The expected output is an exact copy of the lines from the one containing "Through French doors, you" through the final line of the entries below, with no images.

[Records excerpted from a collection]
◇ ◇ ◇

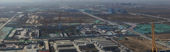 這是位于雄安新區(qū)啟動區(qū)的中國中化雄安總部001大廈項目建設現(xiàn)場(3月30日攝,無人機照片)。
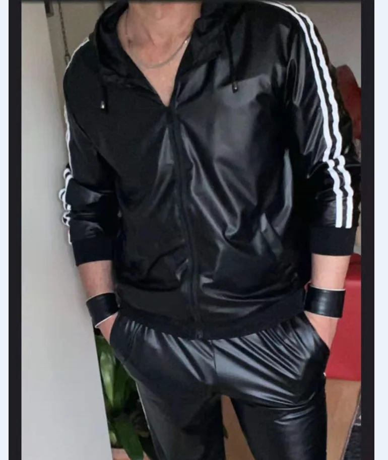 Men’s PU Leather Hoodie Suit Casual Sportswear Hooded Jogging Suit Sportswear Men Outfit Set Juicy Tracksuit
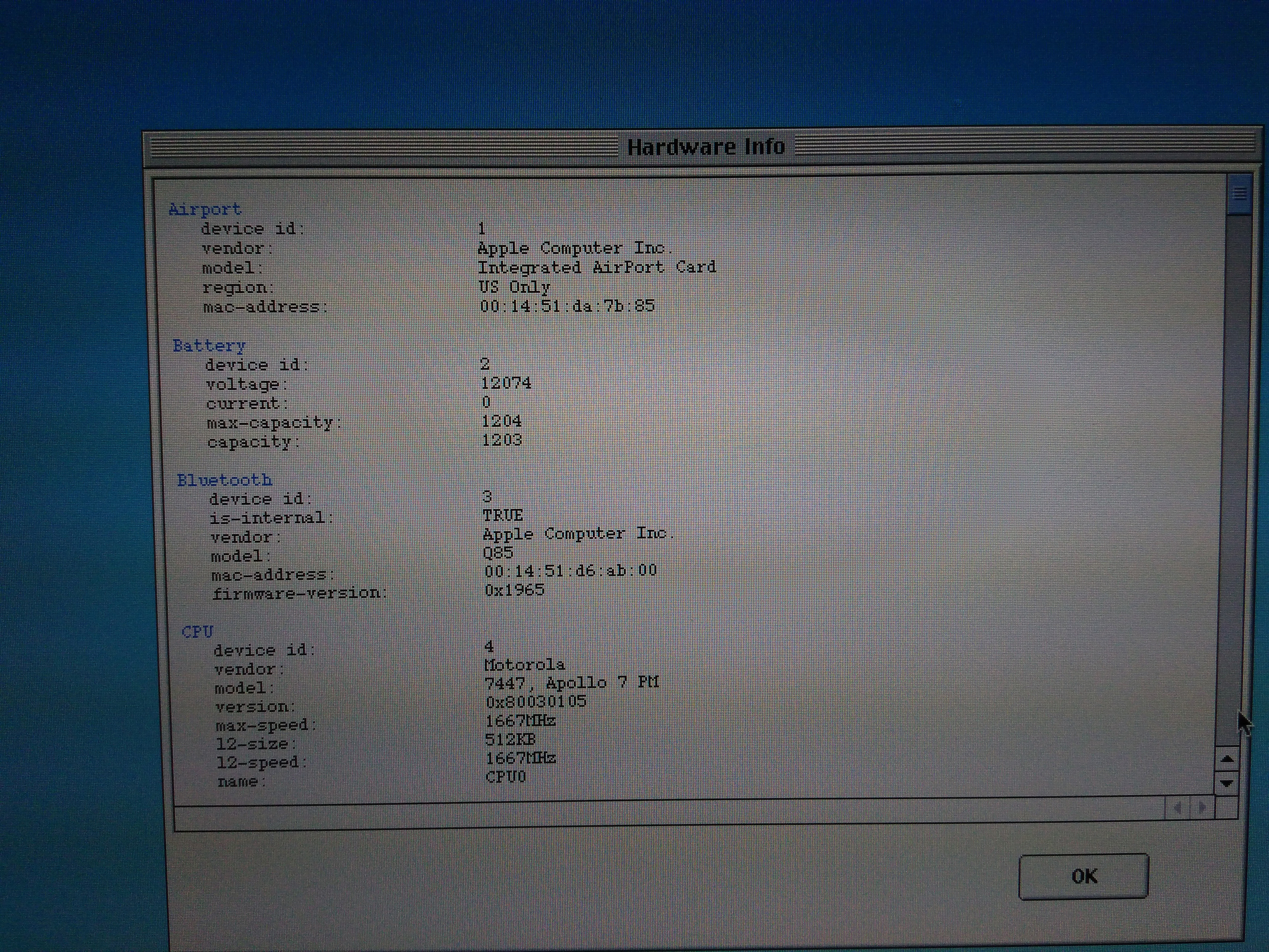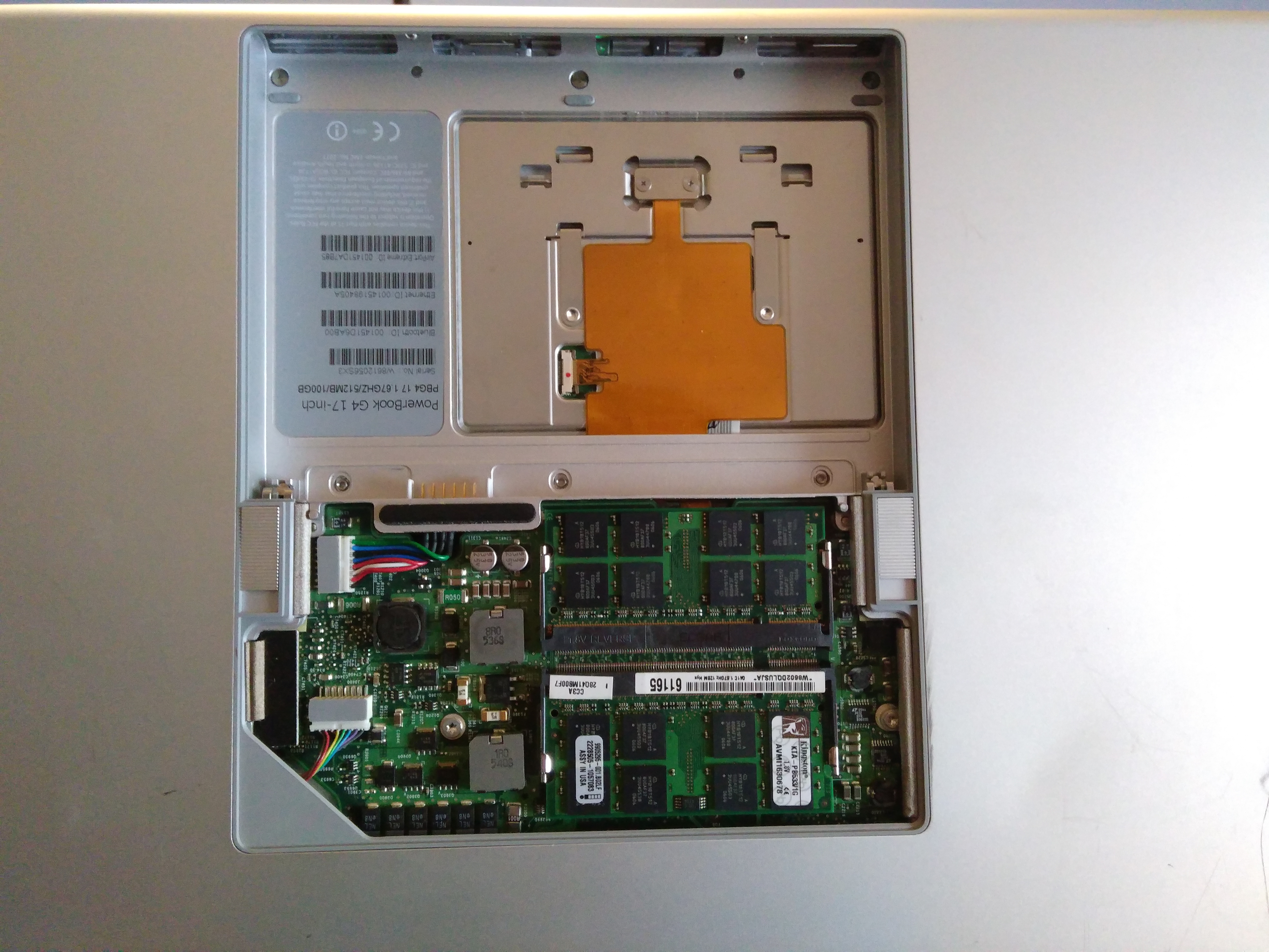 The best news of all, though, is this: I opened up the computer when I got it, because of course it needed some fresh thermal paste, and I wanted to replace the spinner drive with a new Crucial 500 GB SSD. When I removed the top case - queue angels singing - I was greeted by an absolutely pristine, theretofore untouched logic board. All of the yellow tape installed at the factory was present and undisturbed, with no fingerprints. The hard drive was original equipment with Apple logo. It was clear that no one had been inside this machine since it left the factory, and - get this! - it. was. CLEAN!!! I mean, no corrosion, no dirt, hair, dead bugs or other contaminants of any kind. There was only the slightest bit of dust present on the heat sinks, which of course for a 13-year-old computer is unavoidable. It was then I knew what I had: this machine had clearly only ever been used inside a climate-controlled facility, and probably not much at that. I have never before seen a used computer in such exceptional interior condition. As such, I have every reason to expect years of good service from my new companion.
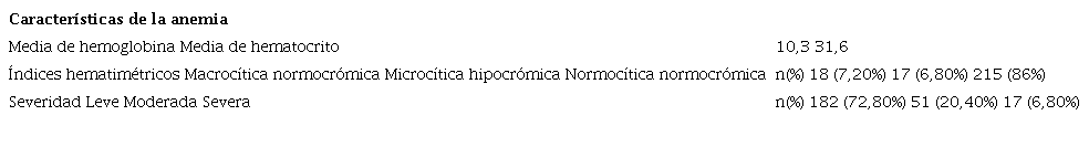 La media de hemoglobina fue de 10,3 g/dL. El 7,20% de la anemia fue macrocítica normocrómica, 6,80% resultaron microcíticas hipocrómicas, y un 86% normocíticas normocrómicas. En cuanto a la severidad de anemia, 72,8% fueron leves, 20% moderadas, y la restante severa (6,8%). Tabla 2
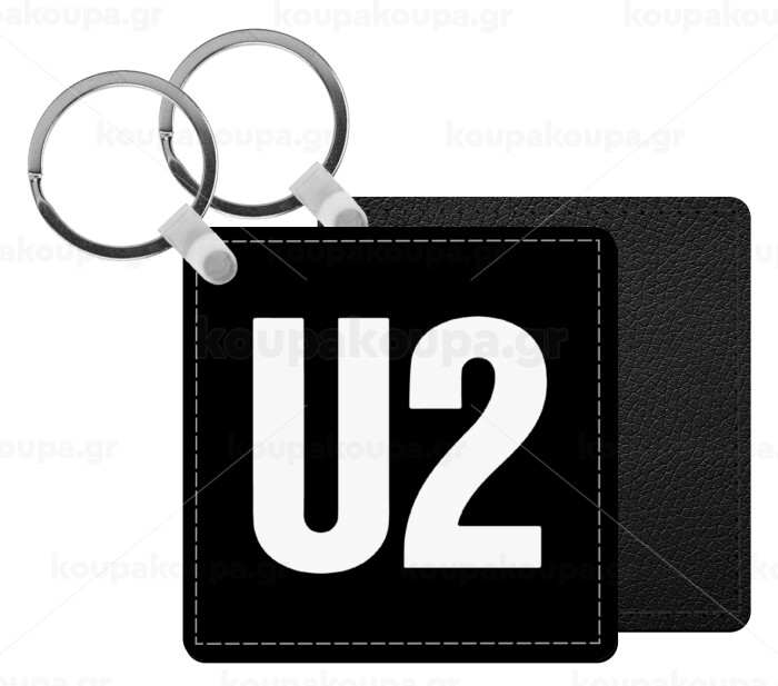 U2 , Μπρελόκ Δερματίνη, τετράγωνο ΜΑΥΡΟ (5x5cm)
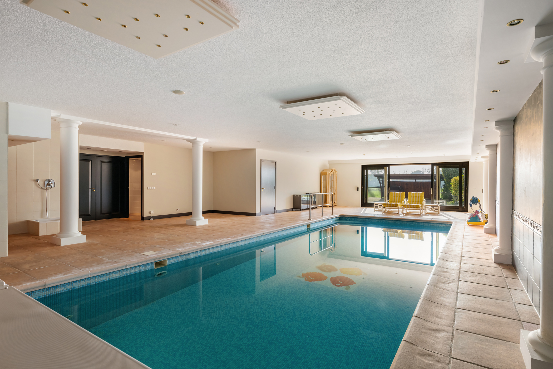 Through French doors, you enter the wellness area, which includes a technical room, pantry, sauna, toilet, and a luxurious indoor swimming pool. Sliding doors from the wellness area lead to the rear garden and the detached garage, which has a hobby greenhouse attached to the back.
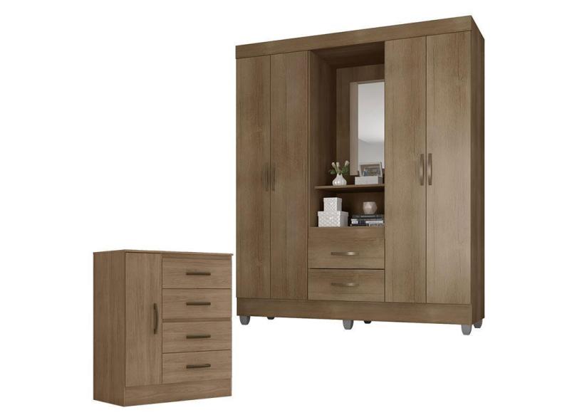 Guarda Roupa Casal Capela e Cômoda 4 Gavetas 01 Porta Lite Carvalho Oak – Móveis Leão

◇ ◇ ◇

» RESPONSE TO THE EXERCISE:
 Through French doors, you enter the wellness area, which includes a technical room, pantry, sauna, toilet, and a luxurious indoor swimming pool. Sliding doors from the wellness area lead to the rear garden and the detached garage, which has a hobby greenhouse attached to the back.
 Guarda Roupa Casal Capela e Cômoda 4 Gavetas 01 Porta Lite Carvalho Oak – Móveis Leão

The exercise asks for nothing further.